(Beginning of Task inputs)

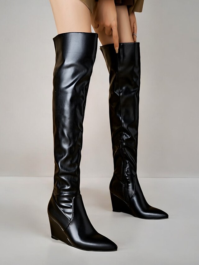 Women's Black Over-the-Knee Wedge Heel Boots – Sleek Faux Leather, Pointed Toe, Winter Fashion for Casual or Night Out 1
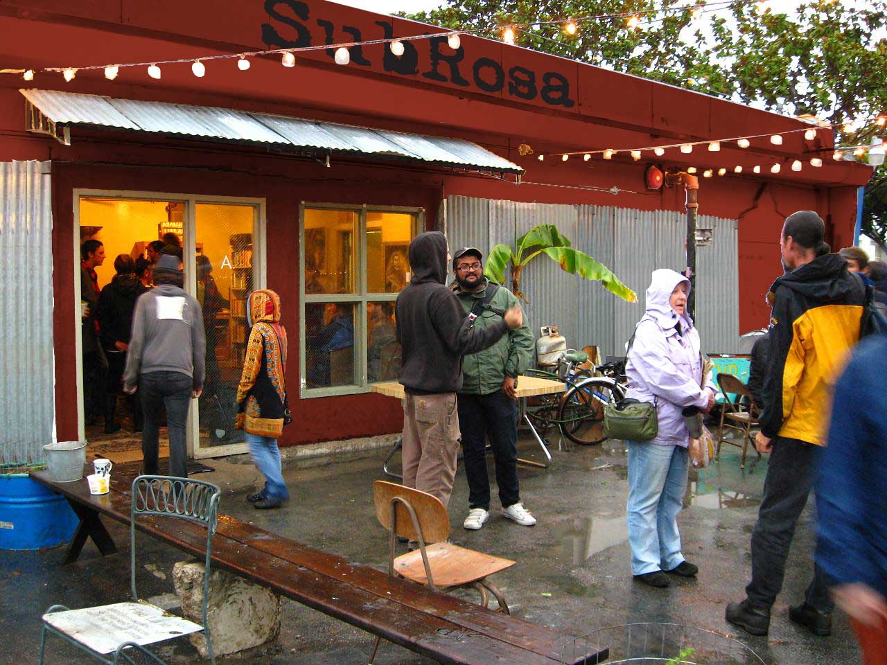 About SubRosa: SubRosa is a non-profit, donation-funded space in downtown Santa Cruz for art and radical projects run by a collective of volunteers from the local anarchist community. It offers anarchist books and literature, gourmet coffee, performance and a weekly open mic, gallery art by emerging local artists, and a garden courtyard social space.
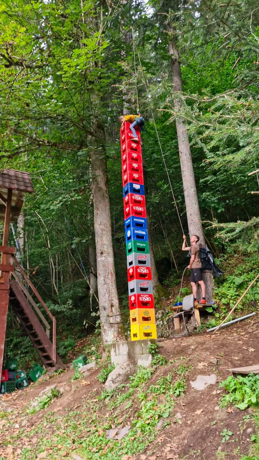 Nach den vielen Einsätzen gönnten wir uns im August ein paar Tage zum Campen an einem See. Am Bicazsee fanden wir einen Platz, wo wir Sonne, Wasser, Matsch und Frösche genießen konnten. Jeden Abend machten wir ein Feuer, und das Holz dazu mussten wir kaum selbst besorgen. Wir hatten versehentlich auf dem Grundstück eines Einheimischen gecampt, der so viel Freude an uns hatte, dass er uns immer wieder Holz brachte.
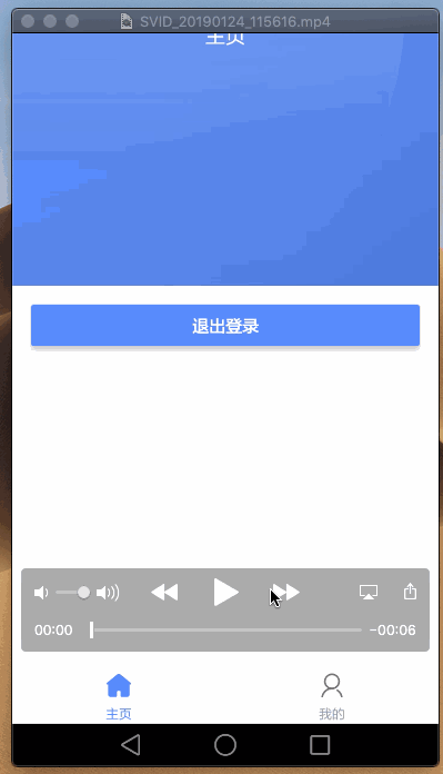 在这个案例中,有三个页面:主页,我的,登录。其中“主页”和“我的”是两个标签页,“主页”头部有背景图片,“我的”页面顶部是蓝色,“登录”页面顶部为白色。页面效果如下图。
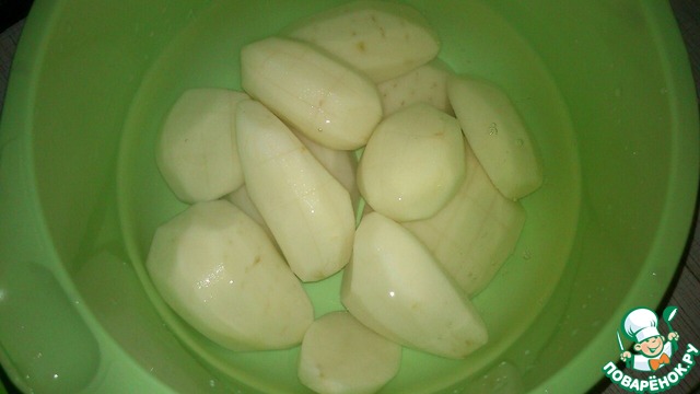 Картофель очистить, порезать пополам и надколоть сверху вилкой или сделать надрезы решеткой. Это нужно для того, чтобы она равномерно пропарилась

(End of Task inputs)
(Beginning of Task inputs)

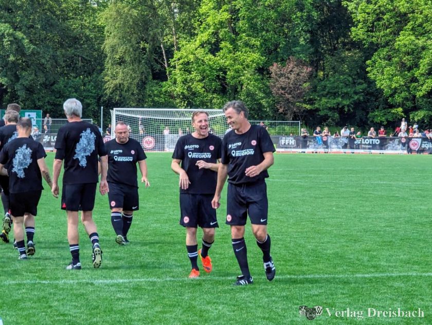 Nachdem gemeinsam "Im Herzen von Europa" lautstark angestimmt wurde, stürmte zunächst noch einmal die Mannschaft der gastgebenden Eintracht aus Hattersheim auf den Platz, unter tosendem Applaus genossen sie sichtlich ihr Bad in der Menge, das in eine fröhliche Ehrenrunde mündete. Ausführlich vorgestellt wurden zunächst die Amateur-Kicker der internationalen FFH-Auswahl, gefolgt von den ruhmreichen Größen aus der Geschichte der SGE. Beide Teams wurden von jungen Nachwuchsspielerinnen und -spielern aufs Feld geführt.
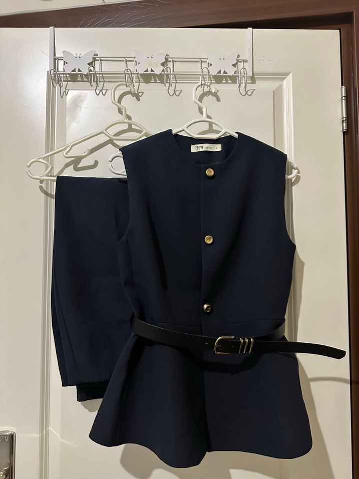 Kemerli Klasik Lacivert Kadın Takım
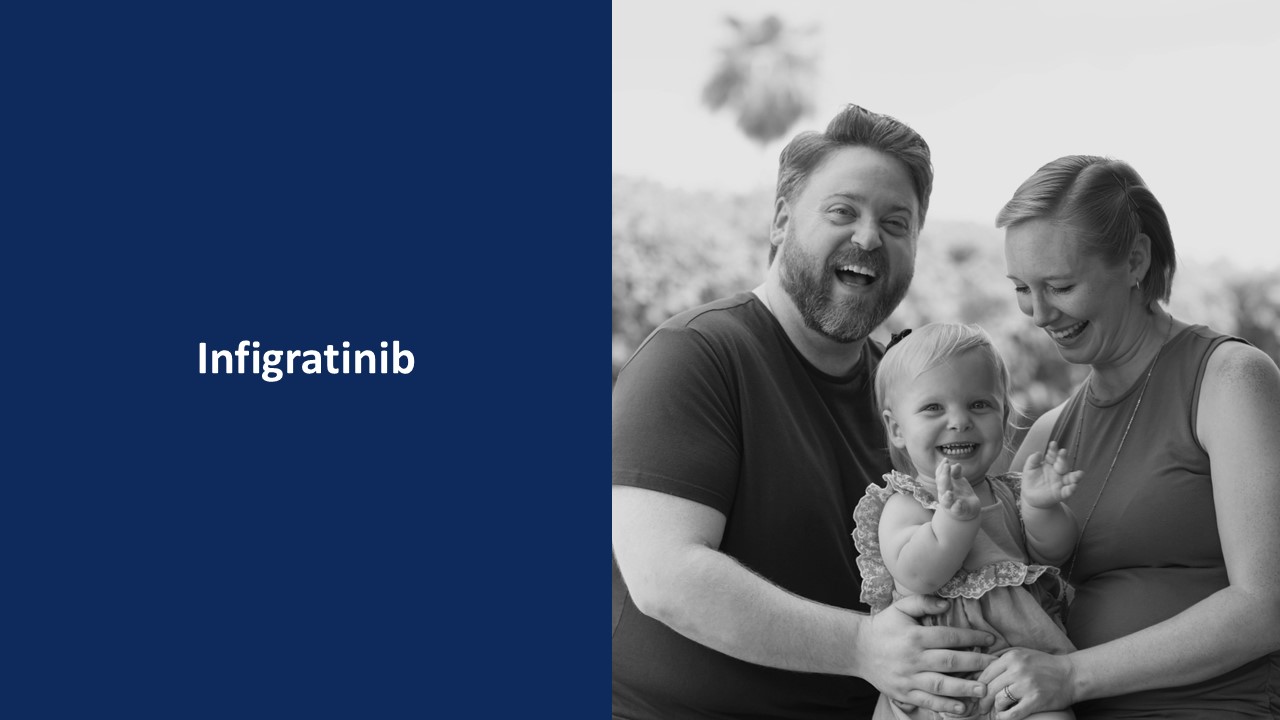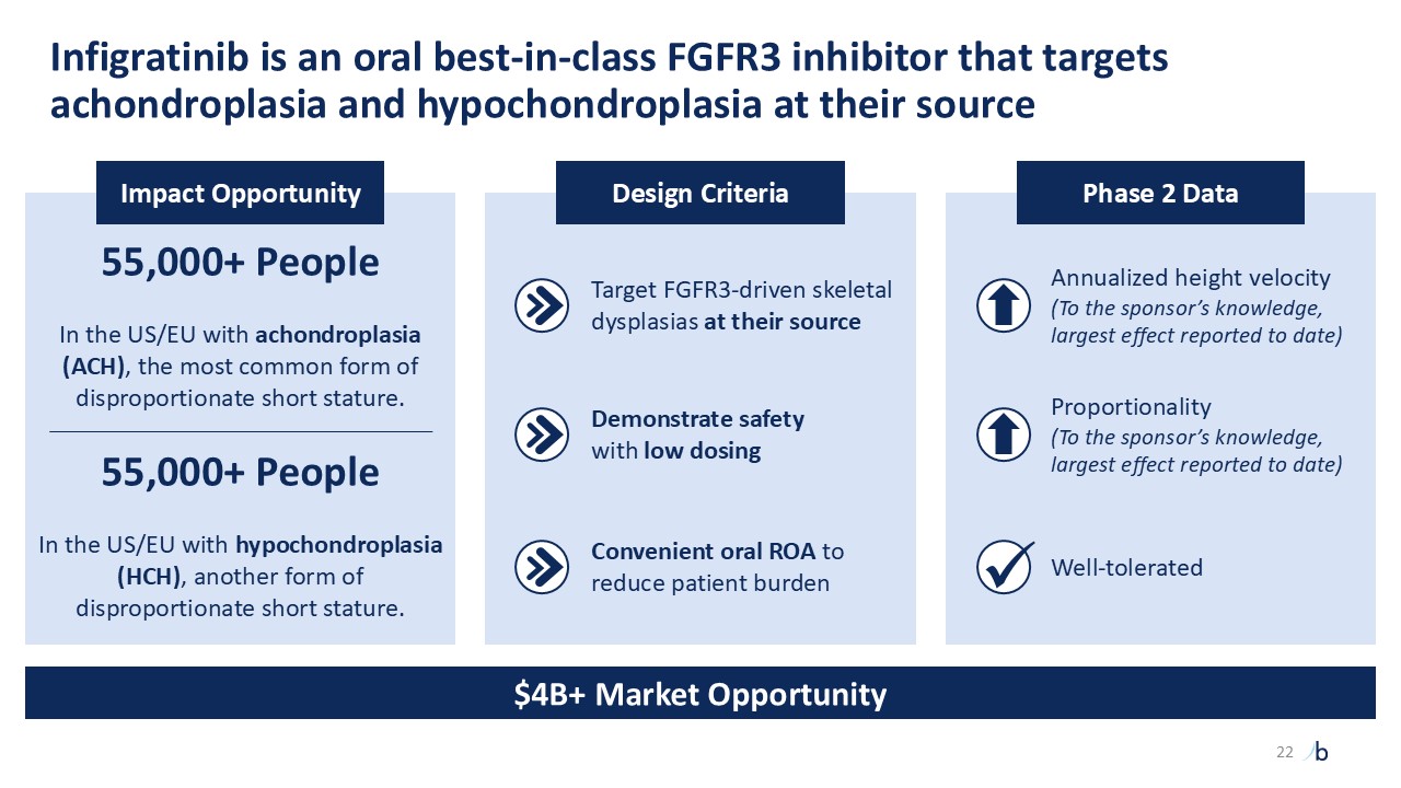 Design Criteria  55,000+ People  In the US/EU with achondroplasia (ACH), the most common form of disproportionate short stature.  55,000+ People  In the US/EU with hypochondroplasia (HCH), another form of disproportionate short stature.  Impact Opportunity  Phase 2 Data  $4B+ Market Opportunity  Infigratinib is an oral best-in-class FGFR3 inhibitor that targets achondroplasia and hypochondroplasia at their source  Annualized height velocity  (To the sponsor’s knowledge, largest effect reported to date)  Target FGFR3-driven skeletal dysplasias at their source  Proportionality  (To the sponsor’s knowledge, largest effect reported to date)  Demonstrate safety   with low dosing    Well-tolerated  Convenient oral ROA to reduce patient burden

(End of Task inputs)
(Beginning of Task inputs)

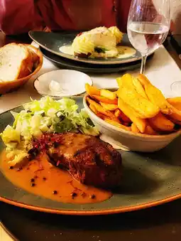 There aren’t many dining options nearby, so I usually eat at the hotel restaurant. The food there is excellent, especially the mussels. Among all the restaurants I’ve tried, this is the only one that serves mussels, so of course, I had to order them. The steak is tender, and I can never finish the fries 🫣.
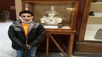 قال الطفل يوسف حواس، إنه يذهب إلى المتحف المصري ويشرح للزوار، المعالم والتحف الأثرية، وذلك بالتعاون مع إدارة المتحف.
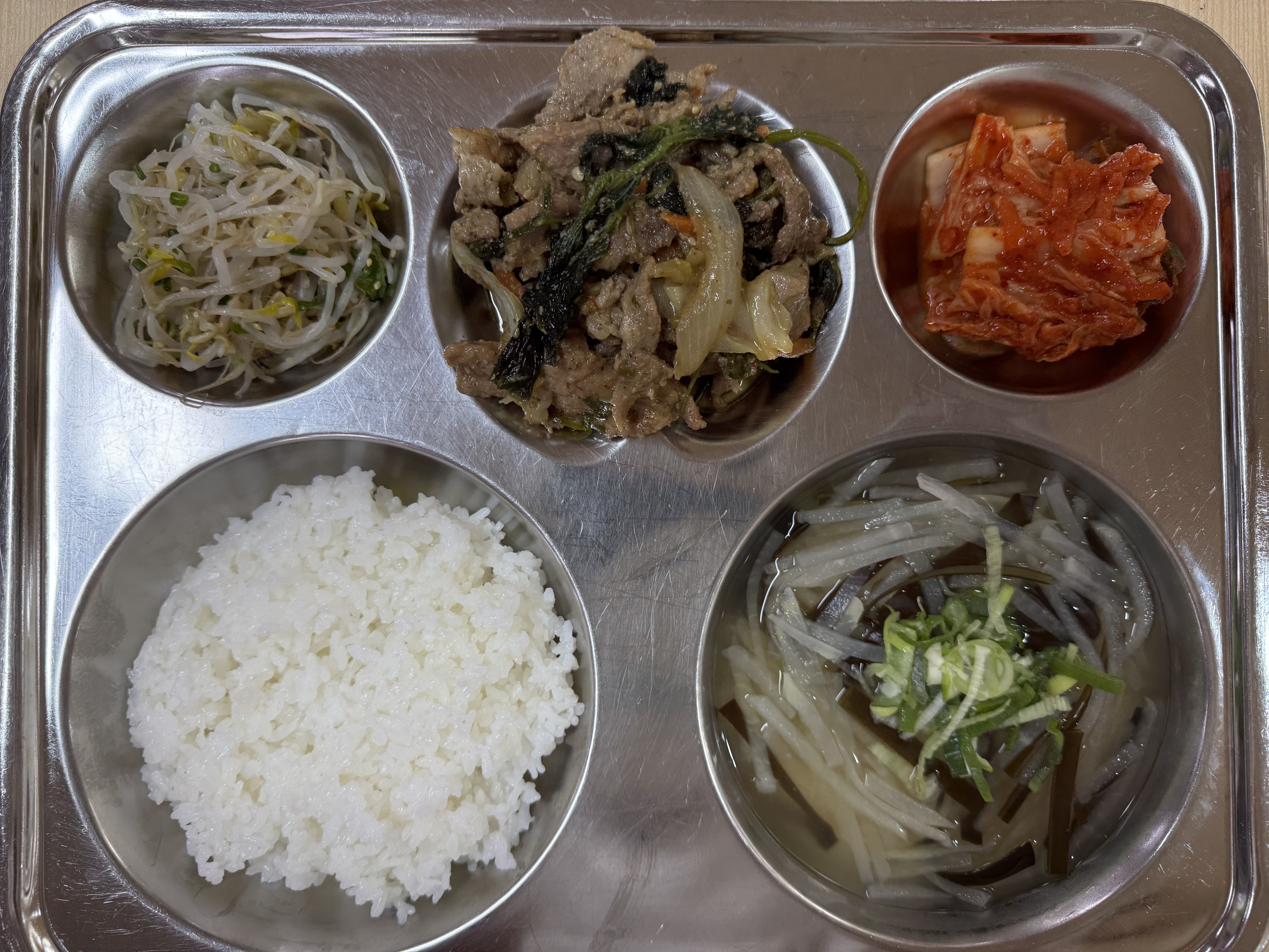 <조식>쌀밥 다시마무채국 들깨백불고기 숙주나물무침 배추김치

(End of Task inputs)

* **Exercise objective**
Above are the records; copy from them only the lines starting at the one containing "Kemerli Klasik Lacivert Kadın Takım" and ending at the one containing "Design Criteria  55,000+ People  In", exactly and without pictures.

* **The answer**
 Kemerli Klasik Lacivert Kadın Takım
 Design Criteria  55,000+ People  In the US/EU with achondroplasia (ACH), the most common form of disproportionate short stature.  55,000+ People  In the US/EU with hypochondroplasia (HCH), another form of disproportionate short stature.  Impact Opportunity  Phase 2 Data  $4B+ Market Opportunity  Infigratinib is an oral best-in-class FGFR3 inhibitor that targets achondroplasia and hypochondroplasia at their source  Annualized height velocity  (To the sponsor’s knowledge, largest effect reported to date)  Target FGFR3-driven skeletal dysplasias at their source  Proportionality  (To the sponsor’s knowledge, largest effect reported to date)  Demonstrate safety   with low dosing    Well-tolerated  Convenient oral ROA to reduce patient burden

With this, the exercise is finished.